Republican prayers — Please God, Not Jeb Bush (PGNJB)have been answered:

This morning, former Florida Governor Jeb Bush released the following statement on the 2010 United States Senate race in Florida for Senator Mel Martinez’s Senate seat:
“After thoughtful consideration, I have decided not to run for the United States Senate in 2010.
“While the opportunity to serve my state and country during these turbulent and dynamic times is compelling, now is not the right time to return to elected office.
“In the coming months and years, I hope to play a constructive role in the future of the Republican Party . . .”
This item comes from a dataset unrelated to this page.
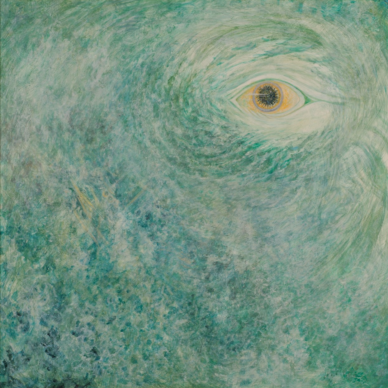 A striking instance of this reappearance occurs in the more recent work Eye Sees the End of the World (2010), which is largely an abstract color-field work, with dynamic layers of green, blue, and yellow pigments, and a stylized yellow eye in the upper-right quadrant. The image brings to mind satellite images of the ocean, diagrams of hurricanes, fantasy novels, and pictures of deep space. Several of Fein’s later works, such as Twin Eyes in the Sky (2010) and Green Eyed Star (2010), embody this oscillating tension between representation and materialist abstraction, similar to the works of Bay Area painter Kim Anno.

Blah, blah, blah. K-Lo, Allah and Ace are all depressed by the news, but the only thing I find depressing is that Jeb Bush still wants to be involved with the Republican Party — meaning he might still seek the presidency at some future point. Is there some way we could get the Bushes to switch to the Democrats?

January 5, 2009

PGNJB Update

PGNJB = Please, God, Not Jeb Bush:

Former President George H.W. Bush said he wants more than a Senate seat for his son Jeb. He wants him in the White House.
Bush, appearing on Fox News Sunday, made the statement in response to questions about his son’s political future.
“I’d like to see him run [for Senate],” the elder Bush said. “I’d like to see him be president some day.” . . .
George H.W. Bush acknowledged that asking the country to elect a third “President Bush” might be asking for too much.
“I mean, right now is probably a bad time, because we’ve had enough Bushes in there,” he said.
But he added that his son would be “as qualified and able as anyone I know on the political scene.”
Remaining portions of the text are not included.